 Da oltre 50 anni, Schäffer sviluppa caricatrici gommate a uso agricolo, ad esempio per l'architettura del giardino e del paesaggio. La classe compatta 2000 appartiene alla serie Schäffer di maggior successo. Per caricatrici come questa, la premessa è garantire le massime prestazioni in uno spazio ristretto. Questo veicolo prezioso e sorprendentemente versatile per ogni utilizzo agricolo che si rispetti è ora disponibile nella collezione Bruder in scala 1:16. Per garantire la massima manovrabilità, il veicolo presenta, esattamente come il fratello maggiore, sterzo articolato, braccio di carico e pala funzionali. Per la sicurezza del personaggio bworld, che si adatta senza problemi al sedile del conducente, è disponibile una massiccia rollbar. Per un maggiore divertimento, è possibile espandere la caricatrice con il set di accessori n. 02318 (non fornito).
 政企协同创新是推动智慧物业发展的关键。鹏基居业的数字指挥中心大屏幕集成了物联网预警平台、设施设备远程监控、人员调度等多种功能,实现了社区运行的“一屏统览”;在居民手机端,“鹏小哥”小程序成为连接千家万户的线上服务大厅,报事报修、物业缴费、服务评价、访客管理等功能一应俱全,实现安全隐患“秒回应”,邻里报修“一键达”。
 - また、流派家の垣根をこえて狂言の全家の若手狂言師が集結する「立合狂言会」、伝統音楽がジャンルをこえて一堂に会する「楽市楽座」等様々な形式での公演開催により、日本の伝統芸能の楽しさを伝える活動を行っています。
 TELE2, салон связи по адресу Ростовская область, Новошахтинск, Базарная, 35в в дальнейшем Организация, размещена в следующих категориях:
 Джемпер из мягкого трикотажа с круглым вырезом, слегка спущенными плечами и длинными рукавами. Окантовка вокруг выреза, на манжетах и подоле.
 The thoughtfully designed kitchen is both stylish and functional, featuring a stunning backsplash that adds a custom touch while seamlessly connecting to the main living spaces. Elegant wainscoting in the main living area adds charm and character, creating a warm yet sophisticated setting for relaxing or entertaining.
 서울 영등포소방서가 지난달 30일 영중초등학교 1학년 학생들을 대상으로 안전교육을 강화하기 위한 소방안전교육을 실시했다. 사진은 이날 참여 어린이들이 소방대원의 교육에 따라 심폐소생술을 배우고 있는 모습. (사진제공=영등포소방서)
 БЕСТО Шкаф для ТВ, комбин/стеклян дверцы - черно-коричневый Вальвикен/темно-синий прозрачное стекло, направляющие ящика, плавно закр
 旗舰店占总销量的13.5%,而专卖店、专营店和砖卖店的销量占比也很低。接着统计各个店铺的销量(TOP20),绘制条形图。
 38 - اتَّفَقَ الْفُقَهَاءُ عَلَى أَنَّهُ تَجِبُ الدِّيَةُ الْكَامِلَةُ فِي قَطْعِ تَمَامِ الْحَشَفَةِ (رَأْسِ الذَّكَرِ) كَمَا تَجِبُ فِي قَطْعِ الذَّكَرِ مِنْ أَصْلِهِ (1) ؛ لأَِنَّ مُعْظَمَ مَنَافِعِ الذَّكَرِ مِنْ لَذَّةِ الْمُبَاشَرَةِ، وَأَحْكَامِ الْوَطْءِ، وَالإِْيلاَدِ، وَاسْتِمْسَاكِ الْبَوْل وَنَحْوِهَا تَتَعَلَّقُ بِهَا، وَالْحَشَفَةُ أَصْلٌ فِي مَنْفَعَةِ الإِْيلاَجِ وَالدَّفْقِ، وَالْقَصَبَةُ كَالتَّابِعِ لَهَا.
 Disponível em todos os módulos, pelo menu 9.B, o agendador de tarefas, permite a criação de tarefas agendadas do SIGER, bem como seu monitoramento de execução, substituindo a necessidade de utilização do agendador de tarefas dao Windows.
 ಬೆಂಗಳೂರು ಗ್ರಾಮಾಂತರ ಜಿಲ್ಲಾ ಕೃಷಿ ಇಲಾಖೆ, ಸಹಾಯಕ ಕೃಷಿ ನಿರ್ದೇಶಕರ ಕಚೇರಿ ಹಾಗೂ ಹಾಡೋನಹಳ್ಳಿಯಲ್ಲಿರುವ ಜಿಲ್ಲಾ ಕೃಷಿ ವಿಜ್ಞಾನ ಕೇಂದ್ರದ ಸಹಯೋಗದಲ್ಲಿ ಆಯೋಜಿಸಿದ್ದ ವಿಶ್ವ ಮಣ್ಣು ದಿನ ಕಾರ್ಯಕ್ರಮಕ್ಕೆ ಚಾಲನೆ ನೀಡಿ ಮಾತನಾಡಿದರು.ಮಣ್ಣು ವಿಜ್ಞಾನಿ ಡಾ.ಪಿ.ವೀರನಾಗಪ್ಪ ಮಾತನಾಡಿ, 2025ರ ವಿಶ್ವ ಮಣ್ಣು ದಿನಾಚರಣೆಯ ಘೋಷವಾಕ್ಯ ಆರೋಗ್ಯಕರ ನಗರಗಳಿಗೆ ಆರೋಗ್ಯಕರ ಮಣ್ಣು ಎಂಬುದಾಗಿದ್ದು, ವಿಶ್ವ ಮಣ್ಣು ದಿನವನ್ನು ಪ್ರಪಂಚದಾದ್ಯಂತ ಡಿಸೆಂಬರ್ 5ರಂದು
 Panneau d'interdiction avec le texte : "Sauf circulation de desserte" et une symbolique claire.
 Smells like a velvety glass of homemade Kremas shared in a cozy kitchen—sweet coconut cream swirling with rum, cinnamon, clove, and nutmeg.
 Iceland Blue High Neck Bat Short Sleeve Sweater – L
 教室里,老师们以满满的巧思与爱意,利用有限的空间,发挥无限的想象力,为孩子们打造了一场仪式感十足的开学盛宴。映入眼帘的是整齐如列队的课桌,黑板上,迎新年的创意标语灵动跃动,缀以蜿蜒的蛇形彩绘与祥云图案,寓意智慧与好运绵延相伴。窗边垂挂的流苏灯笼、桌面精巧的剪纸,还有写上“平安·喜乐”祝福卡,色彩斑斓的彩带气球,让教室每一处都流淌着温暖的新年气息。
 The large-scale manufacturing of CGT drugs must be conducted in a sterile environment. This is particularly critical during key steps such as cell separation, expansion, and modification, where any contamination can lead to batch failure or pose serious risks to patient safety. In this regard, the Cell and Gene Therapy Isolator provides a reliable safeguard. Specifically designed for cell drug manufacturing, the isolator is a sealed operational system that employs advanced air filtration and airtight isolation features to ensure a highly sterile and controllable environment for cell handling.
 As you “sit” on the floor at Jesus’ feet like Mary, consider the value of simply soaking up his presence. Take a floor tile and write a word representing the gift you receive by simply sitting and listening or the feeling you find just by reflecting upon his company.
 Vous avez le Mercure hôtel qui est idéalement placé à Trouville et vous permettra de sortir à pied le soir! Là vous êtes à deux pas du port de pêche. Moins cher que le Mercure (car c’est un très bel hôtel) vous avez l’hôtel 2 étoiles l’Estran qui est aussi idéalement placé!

# # # #

● **WHAT TO PRODUCE**:
Copy the lines above exactly. Start with the line containing "서울 영등포소방서가 지난달", end with the line containing "Disponível em todos", and include both.

● **RESULT**:
 서울 영등포소방서가 지난달 30일 영중초등학교 1학년 학생들을 대상으로 안전교육을 강화하기 위한 소방안전교육을 실시했다. 사진은 이날 참여 어린이들이 소방대원의 교육에 따라 심폐소생술을 배우고 있는 모습. (사진제공=영등포소방서)
 БЕСТО Шкаф для ТВ, комбин/стеклян дверцы - черно-коричневый Вальвикен/темно-синий прозрачное стекло, направляющие ящика, плавно закр
 旗舰店占总销量的13.5%,而专卖店、专营店和砖卖店的销量占比也很低。接着统计各个店铺的销量(TOP20),绘制条形图。
 38 - اتَّفَقَ الْفُقَهَاءُ عَلَى أَنَّهُ تَجِبُ الدِّيَةُ الْكَامِلَةُ فِي قَطْعِ تَمَامِ الْحَشَفَةِ (رَأْسِ الذَّكَرِ) كَمَا تَجِبُ فِي قَطْعِ الذَّكَرِ مِنْ أَصْلِهِ (1) ؛ لأَِنَّ مُعْظَمَ مَنَافِعِ الذَّكَرِ مِنْ لَذَّةِ الْمُبَاشَرَةِ، وَأَحْكَامِ الْوَطْءِ، وَالإِْيلاَدِ، وَاسْتِمْسَاكِ الْبَوْل وَنَحْوِهَا تَتَعَلَّقُ بِهَا، وَالْحَشَفَةُ أَصْلٌ فِي مَنْفَعَةِ الإِْيلاَجِ وَالدَّفْقِ، وَالْقَصَبَةُ كَالتَّابِعِ لَهَا.
 Disponível em todos os módulos, pelo menu 9.B, o agendador de tarefas, permite a criação de tarefas agendadas do SIGER, bem como seu monitoramento de execução, substituindo a necessidade de utilização do agendador de tarefas dao Windows.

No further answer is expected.